Shell-shock and other neuropsychiatric problems

Part 46

Chapter 463,882 wordsPublic domain

On the suspicion of an abdominal form of local tetanus, chloral was given; but the condition grew worse. The sudden contractions spread from the waist to the feet, from November 20 onward, and were felt by the patient as electric shocks. The arms were not affected. Trouble with breathing supervened on the night of December 3. Sometimes there were respiratory pauses for as long as 15 seconds, followed by a slight polypnea. December 6 the man presented an intense contracture of the lower part of the trunk. The slightly retracted abdominal wall was of marbly hardness, but quite painless. Analgesic muscular rigidity took the place of the former crises of pain. The dorsolumbar contracture was so marked as to make an appreciable hollow in the back. The patient could pick up an object from the ground only by flexing his knees to the maximum, as the trunk could not be flexed. There was a very slight trismus, but he could open his mouth, drink, eat and talk without difficulty. There was no trace of neck stiffness or of Kernig’s sign. The tendon reflexes, normal in the arms, were exaggerated in the lower extremities, especially on the left (wounded) side. The skin reflexes were also more marked on the left side, especially the reflex of the tensor of the fascia lata. There was no longer any evidence of suppuration of the wound of the left thigh, which had been dried up for a fortnight. The pulse was somewhat exaggerated (92) and there was a general hyperidrosis, especially of the face.

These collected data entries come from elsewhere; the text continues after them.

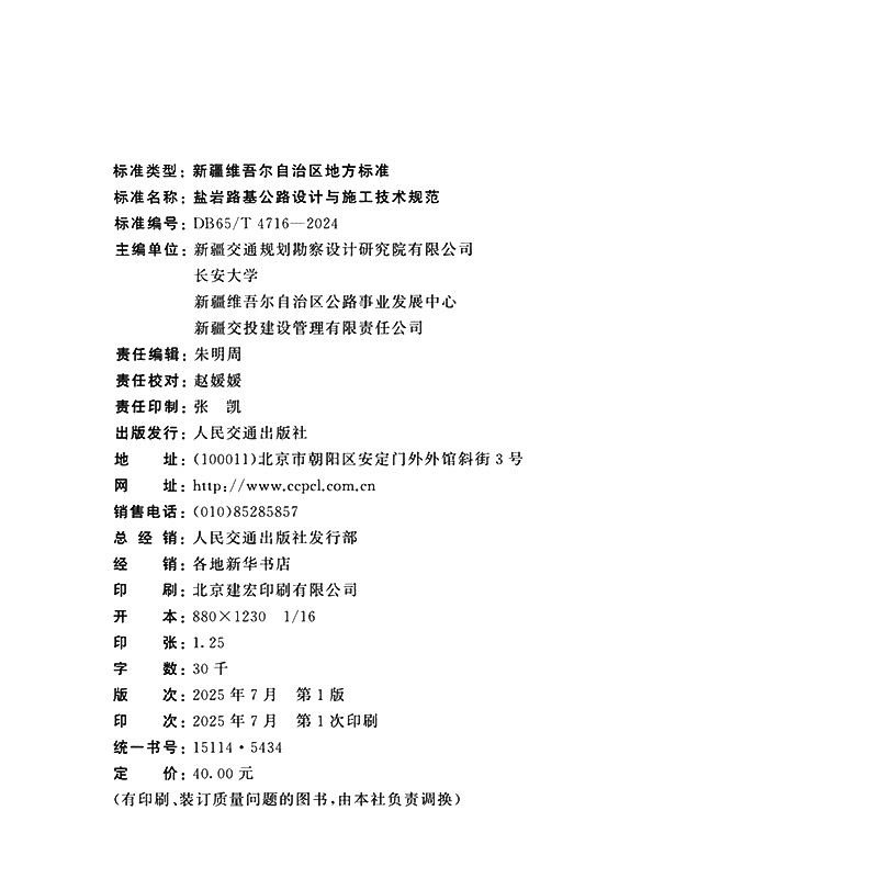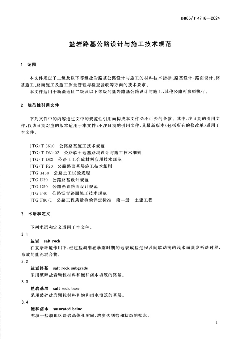 书名:盐岩路基公路设计与施工技术规范(DB65/T 4716—2024)
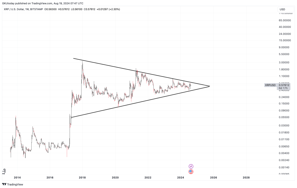 Afgaande op de XRP-prijsgrafiek is er niet veel meer over voordat het patroon is voltooid. Echter, het einde is dit jaar nog niet gekomen en zal waarschijnlijk ook niet in de eerste helft van 2025 komen.
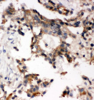 Immunohistochemistry: Paraffin-embedded Human lung cancer tissue. Antigen Retrieval: Heat mediation was performed in Citrate buffer (pH 6.0) for 20 min. The tissue section was blocked with 10% goat serum. The tissue section was then stained with ARG59210 anti-ABI1 / SSH3BP1 antibody at 1 µg/ml dilution, overnight at 4°C.
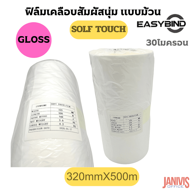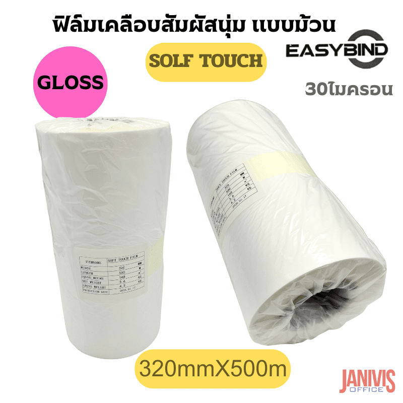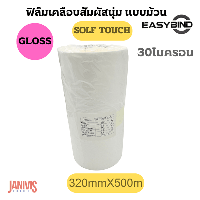 ฟิล์มเคลือบSOFT TOUCHชนิดม้วนEASYBIND 30 ไมครอน 320mmX500M แกน3นิ้ว
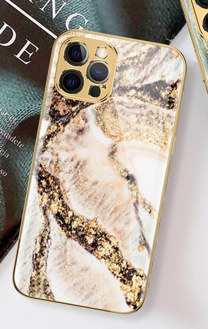 iPhone 13 Pro Max Lyx glas skal guld barock elegant rokoko marmor

Forty c.c. antitetanic serum were given without reaction, and 4 grams of chloral; five days later, 30 c.c. more serum. After ten days the abdomen remained hard, though there was a trifling improvement of the lumbar contracture. There were no longer any spasmodic crises or respiratory disturbances. There was a slight serous exudation from the wound. X-ray showed a small shell fragment 6 cm. below the orifice of the wound.

The third injection was given December 27 to prevent mobilization of the bacilli at operation, and on the 28th, the projectile was removed under local anesthesia from a small, walled-off, old pus pocket, from which were cultivated bacillus perfringens and other organisms.

December 31 a distinct improvement set in and January 13 there was little or no trace of previous disease, except that testing the plantar cutaneous reflex on the left side produced an exaggerated contraction of the tensor of the fascia lata. February 15 he was reëxamined and found quite normal.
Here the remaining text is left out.